To further explore GFP-ARER ligand dependent responses, GFP-ARER:PRL-HeLa cells were treated with increasing concentrations of DHT, the anti-androgen bicalutamide (i.e., Casodex™), or 17β-estradiol (E2), and analyzed by high content analysis (Figure 1B). DHT treatment results in a dose dependent nuclear translocation, visible array/chromatin binding, stabilization of receptor expression, and dsRED2 mRNA synthesis. These responses occurred with EC50 values ranging between 0.15 and 0.24 nM (Table 1), concentrations consistent with known wild type AR sensitivity to DHT and previously observed results using GFP-AR.32-34 In contrast, bicalutamide induced only nuclear translocation of GFP-ARER at an EC50 concentration greater than 200 nM (Figure 1C, Supplemental Video 2). E2, the obligate ligand for the GFP-ER, induced nuclear translocation of GFP-ARER with an EC50 value of 2.2 nM, only partial stabilization at concentrations exceeding 3 μM, and failed to induce visible chromatin binding (Figure 1C). The ability of E2 to induce nuclear translocation of AR has been shown previously.32 These responses are consistent with the modular nature of nuclear receptors and the ability of chimeric receptors to retain molecular functions associated with the constituent AR and ER domains.

Table 1.

Measured EC50 values of observed responses

Response DHT (nM) Bicalutamide (nM) E2 (nM)
GFP-AR/ER:PRL-HeLa
Nuclear Translocation 0.23 ± 0.02 230 ± 2 2.2 ± 0.2
Chromatin Binding 0.21 ± 0.01 n.d. n.d.
AR/ER Stablization 0.15 ± 0.01 n.d. 3100 ± 100*
Transcriptional Activity 0.24 ± 0.03 n.d. n.d.
GFP-ER:PRL-HeLa**
Chromatin Binding 1600 ± 40 n.t. 0.22 ± 0.05
GFP-AR:HeLa31
Nuclear Translocation 11 ± 2 600 ± 10 n.t.
Transcriptional Activity 44 ± 6 n.d. n.t.
*

Estimated from incomplete dose response curve.

**

Data from screen of EPA reference compounds, manuscript in preparation.

n.d. – EC50 could not be determined due to a lack of response.

n.t. – Chemical was not tested in the indicated cell model.

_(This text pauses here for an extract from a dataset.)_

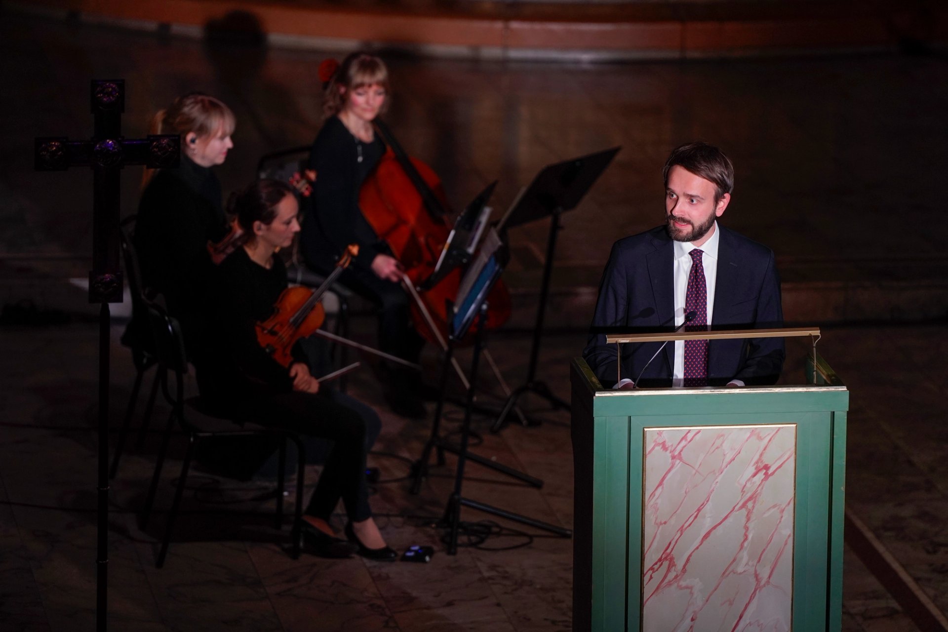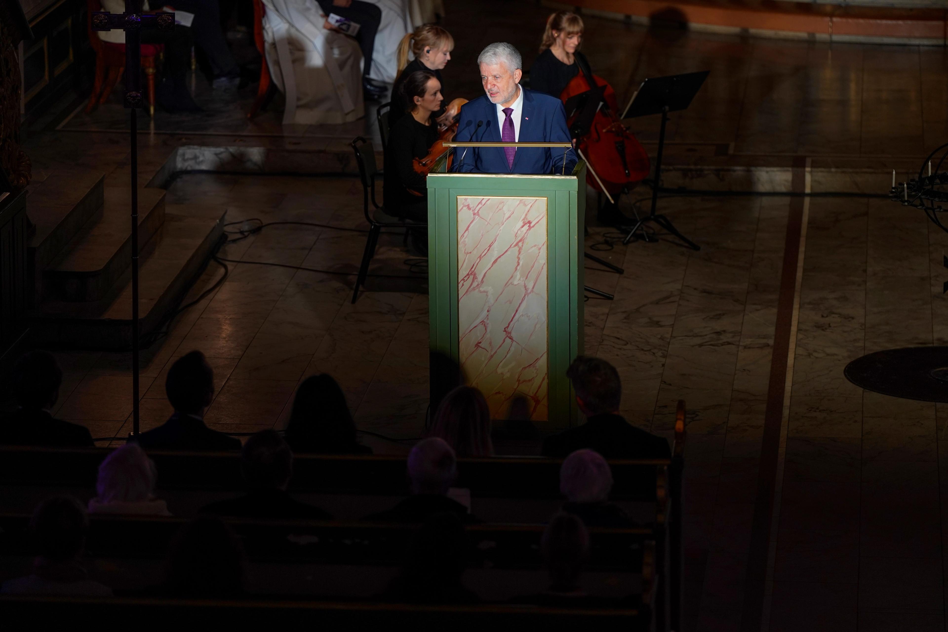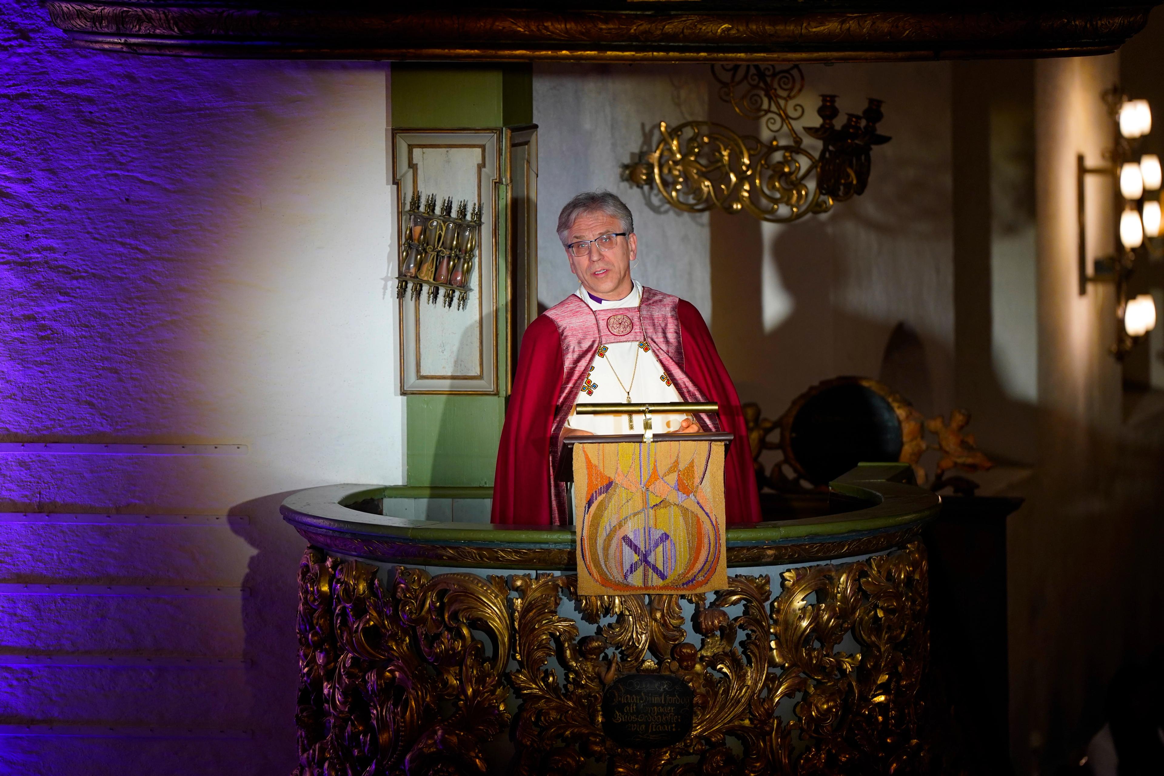 Generalsekretær i Kirkens Nødhjelp Dagfinn Høybråten talte under festgudstjenesten - som var åpen for alle. Næringsminister Jan Christian Vestre talte på vegne av regjeringen og takket de ansatte og frivillige i Kirkens Nødhjelp for det viktige arbeidet de gjør.

To understand the molecular mechanisms associated with GFP-ARER mediated transcriptional activity, we used ‘visual ChIP’ to measure coregulator protein recruitment to the integrated PRL array in the presence of DHT. Specifically, we used immunofluorescence to measure recruitment of the p160 coactivators SRC-1 and SRC-3, the chromatin remodeler BRG1, and activated RNA Pol II (serine 5 phosphorylated, S5P) in the GFP-ARER cell model compared to the GFP-ER cell model (Figure 2). We have previously used relative loading, defined as average array signal divided by average nuclear signal, to quantify coregulator recruitment in PRL-HeLa cell lines.18,22,23,28 In the presence of DHT, GFP-ARER cells recruited all proteins to the PRL array, however, the relative loading (array signal intensity relative to nuclear signal intensity) of the p160 coactivators SRC-1 and SRC-3 was significantly lower compared to E2 induced recruitment in GFP-ER cells despite similar recruitment of BRG1 and S5P (Figure 2A). Further investigation found that this is likely a function of GFP-ARER cells having higher nuclear signal intensity of SRC-1 and SRC-3 compared to GFP-ER cells (Figure 2B). This indicates the GFP-ARER chimera can recruit SRC-1 and SRC-3 to the PRL array in a similar manner as GFP-ER, consistent with known AR interactions with the p160 coactivators and components of the transcriptional machinery.35

Figure 2.

Figure 2.

Quantification of agonist induced coregulator and transcriptional machinery recruitment to the PRL-array. GFP-ER:PRL-HeLa and GFP-ARER:PRL-HeLa cells were prepared and treated with either 10 nM E2 (GFP-ER) or 10 nM DHT (GFP-ARER) for 120 minutes. Cells were processed for immunofluorescence with antibodies against SRC-1, SRC-2, BRG1, and phosphorylated RNA Pol II (serine 5). (A) The ratio of array to nuclear intensity (Relative Loading) was determined. Dashed line reference line indicates result if no relative loading was observed. (B) Nuclear intensity was also quantified and normalized to GFP-ER. Results indicate mean ± SE from 3 independent samples shown with >500 cells per sample measured. (*) p < 0.05.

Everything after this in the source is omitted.